匹配regex中的第一个字符?

时间:2021-03-09 20:12:30

I have the following regex:

我有以下regex:

http://([^:]*):?([0-9]*)(/.*)

http://([^:]*):?([0 - 9]*)(/ . *)

When I match that against http://brandonhsiao.com/essays/showers.html, the parentheses grab: http://brandonhsiao.com/essays and /showers.html. How can I get it to grab http://brandonhsiao.com and /essays/showers.html?

当我将它与http://brandonhsiao.com/essays/showers.html进行比较时,括号内的内容是:http://brandonhsiao.com/essays和/showers.html。如何获取http://brandonhsiao.com和/essay /showers.html?

3 个解决方案

#1


3  

Put a question mark after the first * you have to make it non-greedy. Right now your code for matching the hostname is grabbing everything all the way up to the last /.

在第一个*后面加一个问号,你必须使它不贪婪。现在,与主机名匹配的代码一直到最后一个/。

http://([^:]*?):?([0-9]*)(/.*)

But that's not even what I would recommend. Try this instead:

但这并不是我所推荐的。试试这个:

(http://[^\s/]+)([^\s?#]*)

$1 should have http://brandonhsiao.com and $2 should have /essays/showers.html and any hash or query string is ignored.

$1应该有http://brandonhsiao.com, $2应该有/散文/淋浴。html和任何散列或查询字符串将被忽略。

Note that this is not designed to validate a URL, just to divide a URL up into the portion before the path, and the path itself. For example, it would happily accept invalid characters as part of the hostname. However, it does work fine for URLs with or without paths.

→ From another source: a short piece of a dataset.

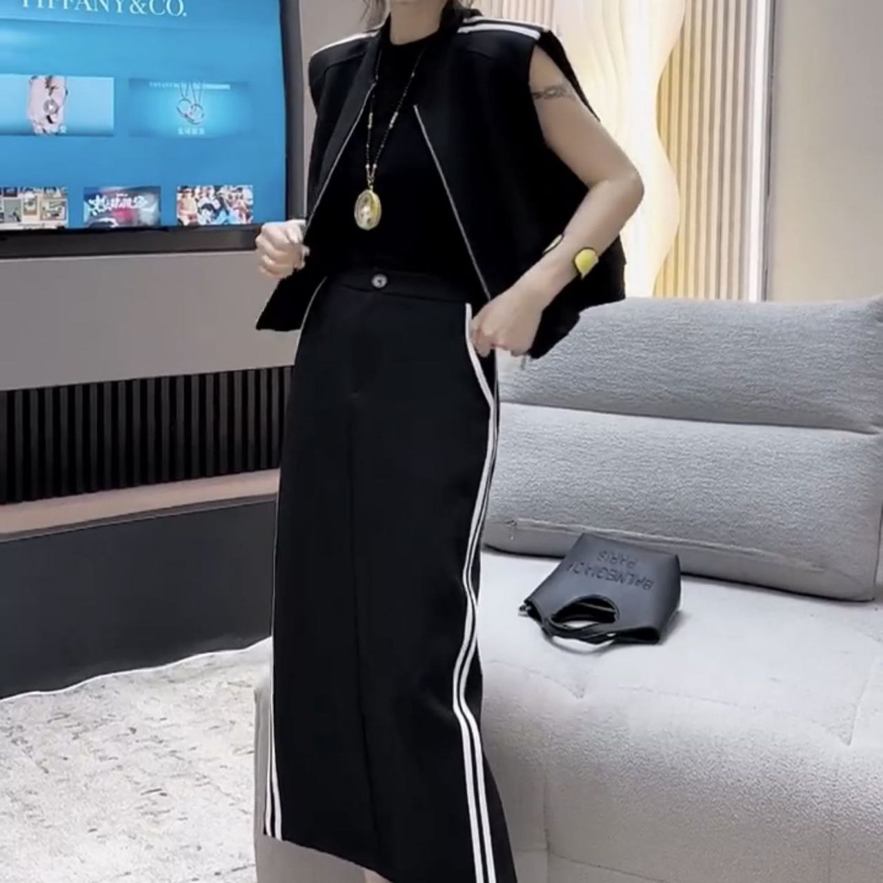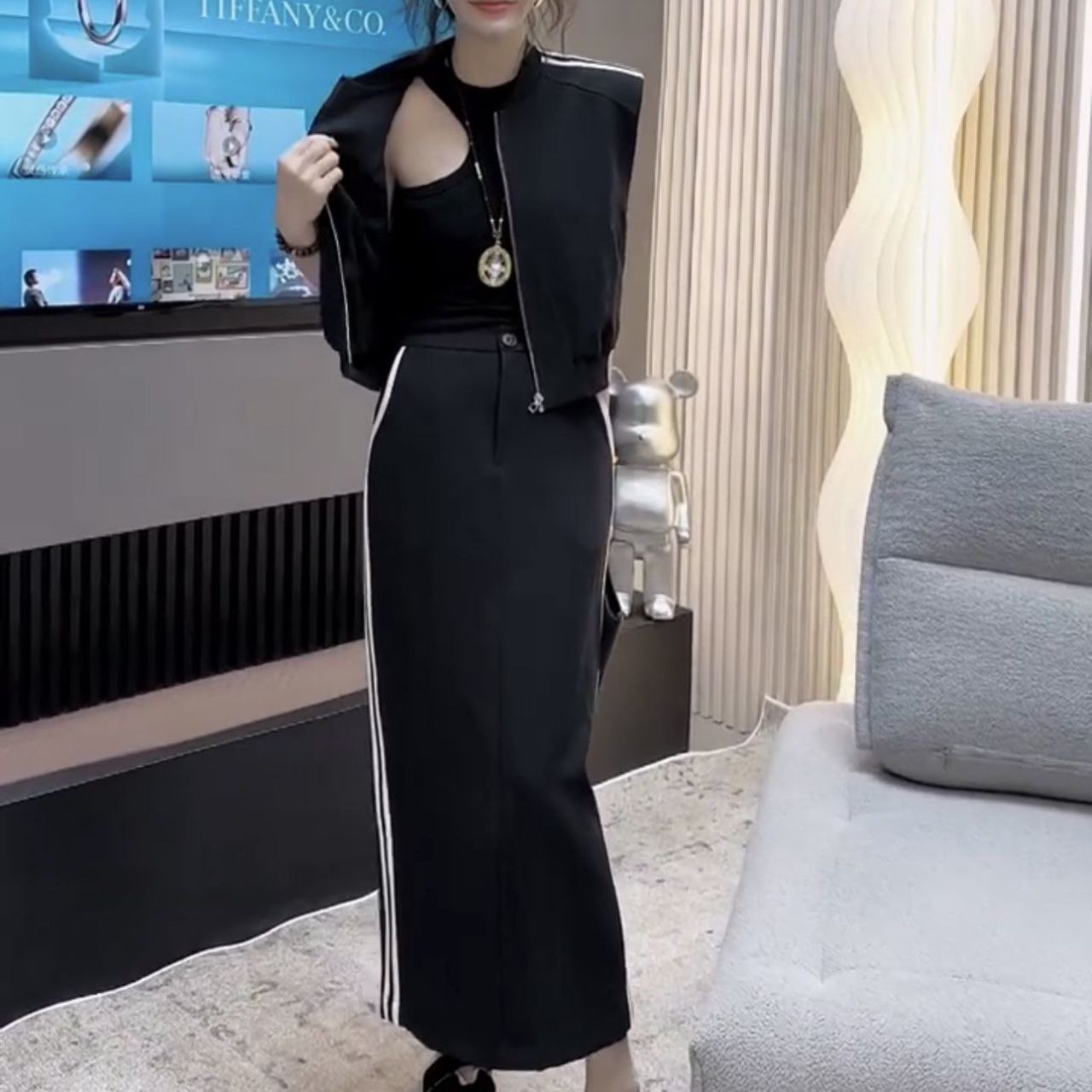 Стильный костюм состоит из укороченного жакета с асимметричной застёжкой и длинной юбки-карандаша. Модель выполнена в лаконичном чёрном и коричневом цветах с выразительными белыми лампасами по бокам юбки и по краям жакета. Сочетание спортивного акцента (лампасы) с классическим кроем создаёт современный и элегантный образ. Костюм подойдёт для создания модных повседневных или полуформальных образов — можно комбинировать с базовыми топами и аксессуарами.

注意,这并不是为了验证URL而设计的,只是为了将URL分成路径之前的部分和路径本身。例如,它很乐意接受无效字符作为主机名的一部分。但是,无论有没有路径,它都可以很好地处理url。

P.S. I don't know exactly what you are doing with this in Lisp, so I have taken the liberty of only testing it in other PCRE-compatible environments. Usually I test my answers in the exact context where they will be used.

附注:我不知道您正在用Lisp做什么,所以我冒昧地只在其他兼容php程序的环境中测试它。通常我在使用答案的地方测试我的答案。

$_ = "http://brandonhsiao.com/essays/showers.html";
m|(http://[^\s/]+)([^\s?#]*)|;
print "1 = '$1' and 2 = '$2'\n";

# [j@5 ~]$ perl test2.pl
# 1 = 'http://brandonhsiao.com' and 2 = '/essays/showers.html'

#2


0  

http://([^/:]*):?([0-9]*)(/.*)

The first group is matching everything but : and now I added /, that's because the [^] operator means match everything but what's inside the group, everything else is just the same.

第一组是匹配除了:现在我添加/,这是因为[^]操作符意味着匹配除了里面有什么,其他都是一样的。

Hope it helped!

希望它帮助!

#3


0  

http:\/\/([^:]*?)(\/.*)

http:\ / \ /([^:]* ?)(\ /。*)

The *? is a non-greedy match to the first slash (the one just after .com)

* ?是第一个斜杠(在。com之后)的非贪婪匹配

See http://rubular.com/r/VmU2ghAX0k for match groups

请参阅http://rubular.com/r/VmU2ghAX0k以获得匹配组

#1


3  

Put a question mark after the first * you have to make it non-greedy. Right now your code for matching the hostname is grabbing everything all the way up to the last /.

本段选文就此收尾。